Role of Judiciary in Advancing Queer Rights
The Indian judiciary has
played a transformative role in recognizing LGBTQIA+ rights. Landmark judgments
have expanded constitutional protections and challenged majoritarian morality.
However, the judiciary also
faces institutional limitations concerning separation of powers and legislative
policymaking.
The tension between judicial
activism and restraint remains central to the marriage equality debate.

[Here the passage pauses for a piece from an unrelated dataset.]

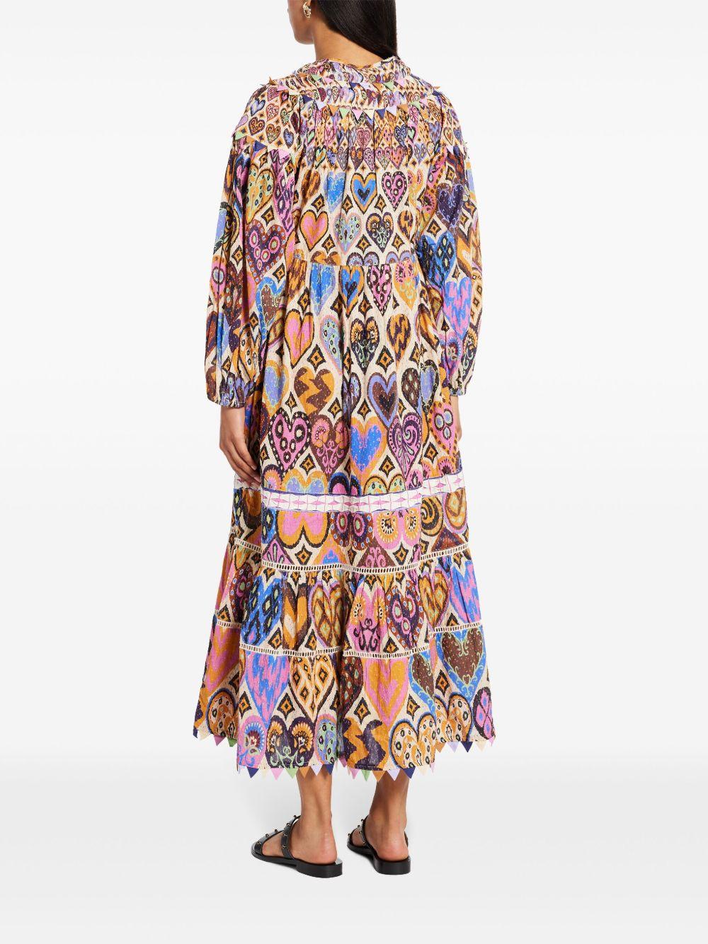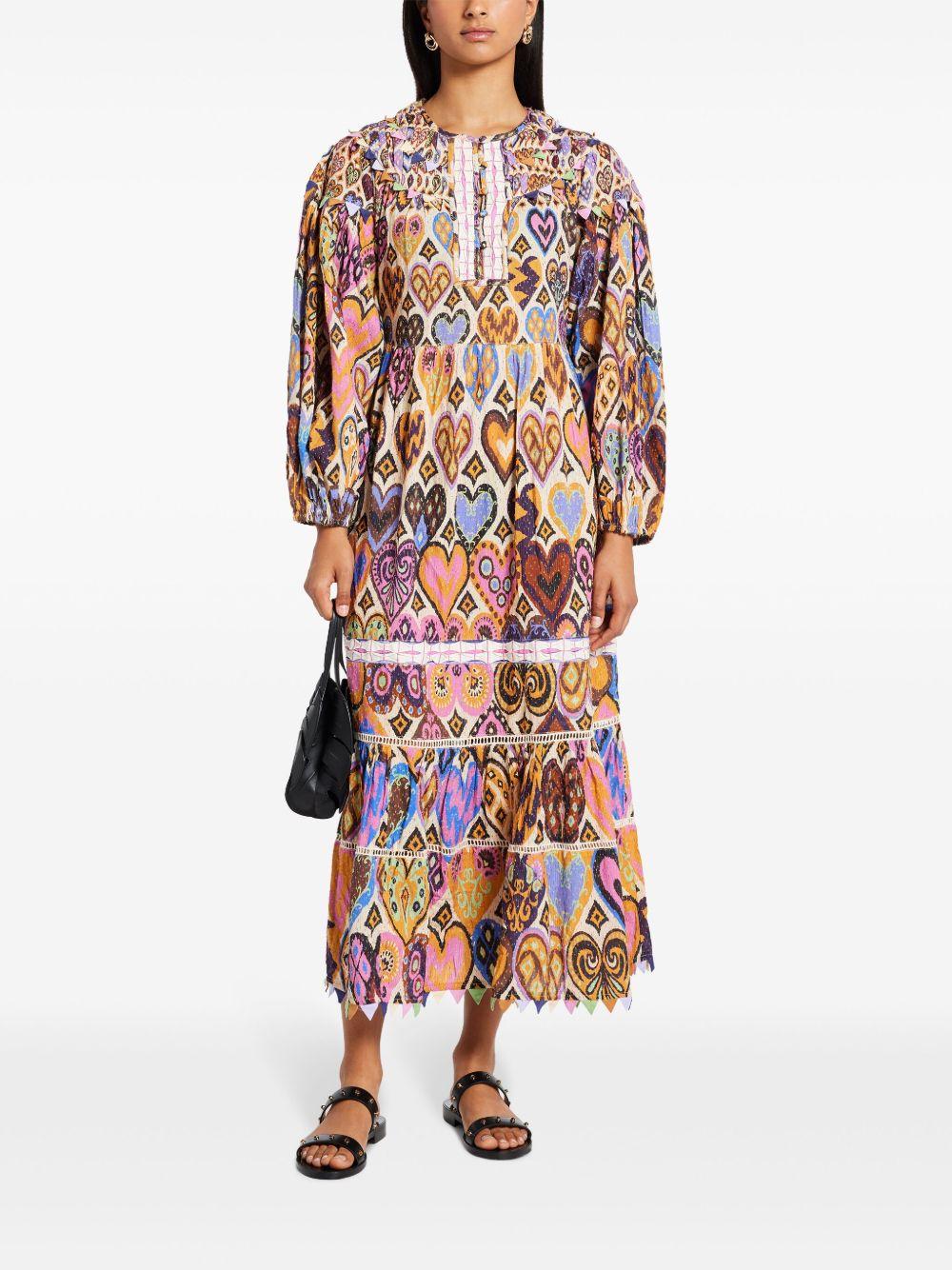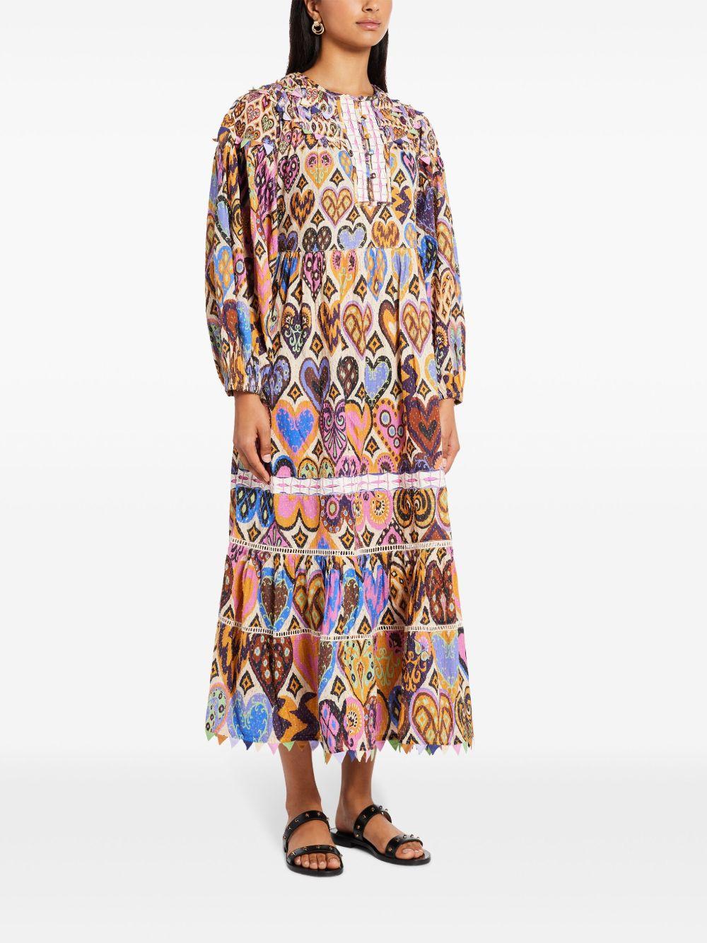FARM Rio heart-print midi dress | Neutrals | multicolour | cotton | all-over graphic print | heart print | panelled design | front button placket | crew neck | long sleeves | elasticated hem | scallop hem | mid-length | Cotton | Day Dresses | Dresses | Clothing | Women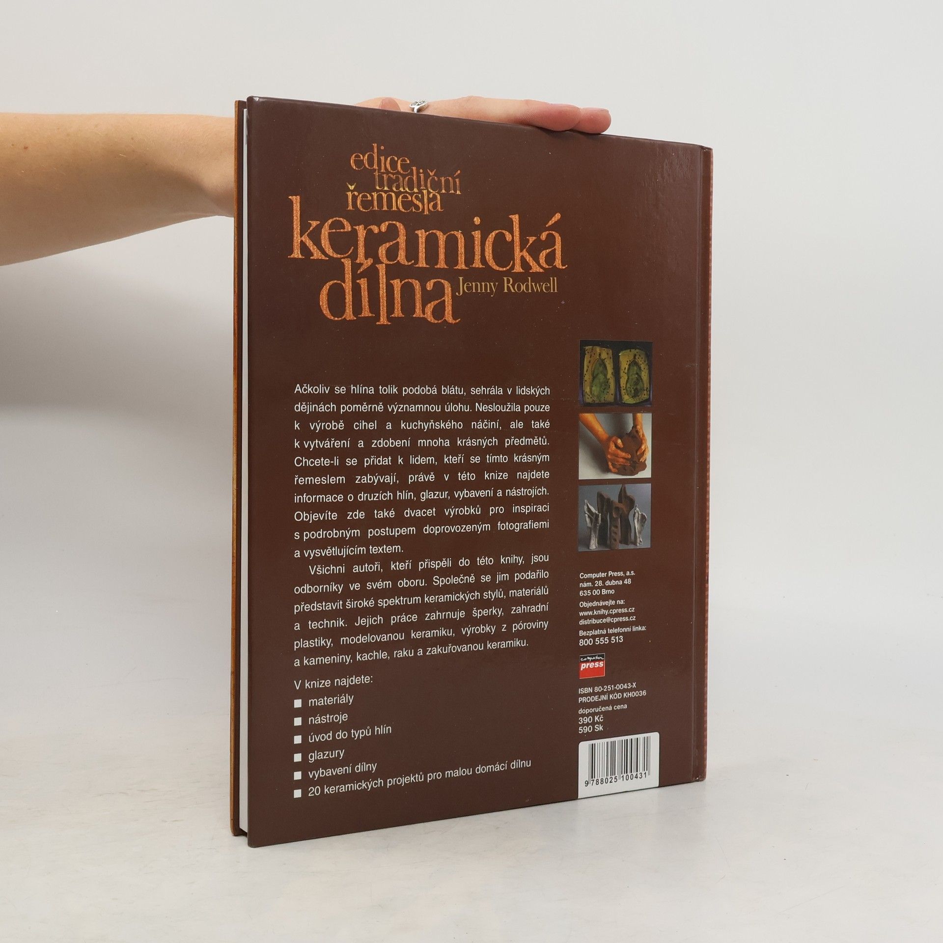 Ačkoliv se hlína tolik podobá blátu, sehrála v lidských dějinách poměrně významnou úlohu. Nesloužila pouze k výrobě cihel a kuchyňského náčiní, ale také k vytváření a zdobení mnoha krásných předmětů. Chcete-li se přidat k lidem, kteří se tímto krásným řemeslem zabývají, právě v této knize najdete informace o druzích hlín, glazur, vybavení a nástrojích. Objevíte zde také dvacet výrobků pro inspiraci s podrobným postupem doprovozeným fotografiemi a vysvětlujícím textem. Všichni autoři, kteří přispěli do této knihy, jsou odborníky ve svém oboru. Společně se jim podařilo představit široké spektrum keramických stylů, materiálů a technik. Jejich práce zahrnuje šperky, zahradní plastiky, modelovanou keramiku, výrobky z póroviny a kameniny, kachle, raku a zakuřovanou keramiku. V knize najdete: - materiály - nástroje - úvod do typů hlín - glazury - vybavení dílny - 20 keramických projektů pro malou domácí dílnu

Constitutional Morality versus Social Morality
Dr. B.R. Ambedkar emphasized
that constitutional morality must prevail over social prejudices and
majoritarian morality. Opposition to marriage equality often relies upon
religious beliefs and cultural traditions. However, constitutional democracies
are obligated to protect minority rights irrespective of popular opinion. The
Indian Constitution envisions an inclusive and pluralistic society based upon
dignity and equality.
Future of Marriage Equality in India
Although the Supreme Court
declined to legalize same-sex marriage in 2023, the constitutional conversation
remains open.
Several factors may shape
future developments:
The trajectory of Indian
constitutional jurisprudence suggests gradual expansion of rights over time.
CONCLUSION
The journey of LGBTIQ+
rights in India reflects the broader struggle for equality, dignity, and
constitutional justice. Landmark judgments such as NALSA, Puttaswamy,
and Navtej Johar significantly transformed India’s constitutional
landscape by recognizing sexual orientation and gender identity as protected
constitutional characteristics.
However, despite
decriminalization of homosexuality, substantive equality remains incomplete
without legal recognition of same-sex marriages and comprehensive
anti-discrimination protections. The denial of marriage equality perpetuates
structural discrimination and excludes queer individuals from essential civil,
economic, and social rights.
The Supriyo judgment
highlighted the continuing tensions between constitutional morality, social
morality, judicial restraint, and legislative authority. While the Court
acknowledged discrimination faced by queer couples, its refusal to recognize
marriage equality underscores the unfinished project of transformative
constitutionalism in India.
The future of marriage
equality in India will depend upon sustained legal reform, judicial evolution,
public awareness, and social transformation. A truly constitutional democracy
cannot deny equal citizenship and dignity based on sexual orientation or gender
identity. The realization of substantive equality for LGBTIQ+ persons requires
not only decriminalization but also affirmative recognition, inclusion, and
protection under law. The constitutional promise of justice, liberty, equality,
and fraternity remains incomplete until queer individuals enjoy equal rights
and equal dignity within family, society, and the legal system.